Exercise directions = Give again, word for word, every line below from the one that has "Eleve o padrão" through the one that has "Watercolor Cute cat Tumbler Wrap 20 oz", both included, and no others.

Records to process =
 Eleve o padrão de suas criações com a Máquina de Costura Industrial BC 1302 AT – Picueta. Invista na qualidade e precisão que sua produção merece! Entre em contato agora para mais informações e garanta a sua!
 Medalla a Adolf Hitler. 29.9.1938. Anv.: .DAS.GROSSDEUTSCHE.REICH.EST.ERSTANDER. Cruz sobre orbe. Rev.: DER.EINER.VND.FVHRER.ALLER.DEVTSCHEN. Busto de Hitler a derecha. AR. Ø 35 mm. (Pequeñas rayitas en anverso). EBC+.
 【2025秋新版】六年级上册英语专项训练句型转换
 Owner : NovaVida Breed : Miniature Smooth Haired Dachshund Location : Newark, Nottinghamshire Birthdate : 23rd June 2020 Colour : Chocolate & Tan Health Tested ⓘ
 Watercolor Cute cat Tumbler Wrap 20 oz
==
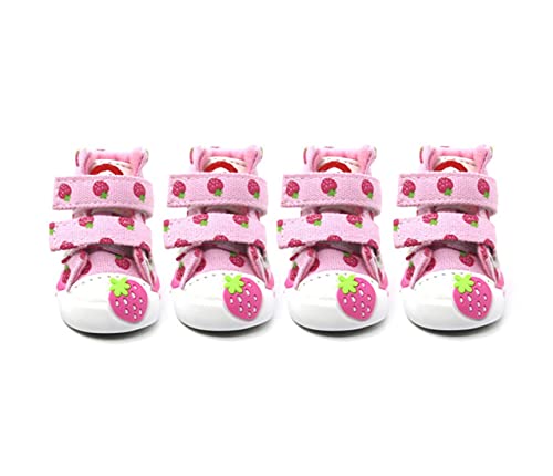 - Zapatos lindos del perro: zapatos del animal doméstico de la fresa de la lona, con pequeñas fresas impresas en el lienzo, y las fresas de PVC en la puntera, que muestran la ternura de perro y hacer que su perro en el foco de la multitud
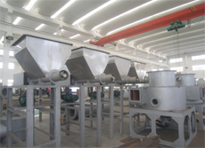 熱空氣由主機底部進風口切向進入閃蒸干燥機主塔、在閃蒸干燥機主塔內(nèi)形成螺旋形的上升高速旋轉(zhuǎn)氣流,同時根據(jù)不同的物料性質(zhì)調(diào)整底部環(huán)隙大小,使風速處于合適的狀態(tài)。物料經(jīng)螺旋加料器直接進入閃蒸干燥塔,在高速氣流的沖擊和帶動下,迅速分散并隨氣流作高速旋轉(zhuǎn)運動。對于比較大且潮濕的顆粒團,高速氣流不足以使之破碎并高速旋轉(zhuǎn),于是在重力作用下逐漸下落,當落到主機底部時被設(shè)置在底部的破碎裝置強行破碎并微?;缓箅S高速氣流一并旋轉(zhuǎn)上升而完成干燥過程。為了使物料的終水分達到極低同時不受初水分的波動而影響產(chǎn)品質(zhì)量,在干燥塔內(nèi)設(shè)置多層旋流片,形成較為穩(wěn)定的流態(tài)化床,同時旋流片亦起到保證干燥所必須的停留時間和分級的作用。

Solution below =
 Eleve o padrão de suas criações com a Máquina de Costura Industrial BC 1302 AT – Picueta. Invista na qualidade e precisão que sua produção merece! Entre em contato agora para mais informações e garanta a sua!
 Medalla a Adolf Hitler. 29.9.1938. Anv.: .DAS.GROSSDEUTSCHE.REICH.EST.ERSTANDER. Cruz sobre orbe. Rev.: DER.EINER.VND.FVHRER.ALLER.DEVTSCHEN. Busto de Hitler a derecha. AR. Ø 35 mm. (Pequeñas rayitas en anverso). EBC+.
 【2025秋新版】六年级上册英语专项训练句型转换
 Owner : NovaVida Breed : Miniature Smooth Haired Dachshund Location : Newark, Nottinghamshire Birthdate : 23rd June 2020 Colour : Chocolate & Tan Health Tested ⓘ
 Watercolor Cute cat Tumbler Wrap 20 oz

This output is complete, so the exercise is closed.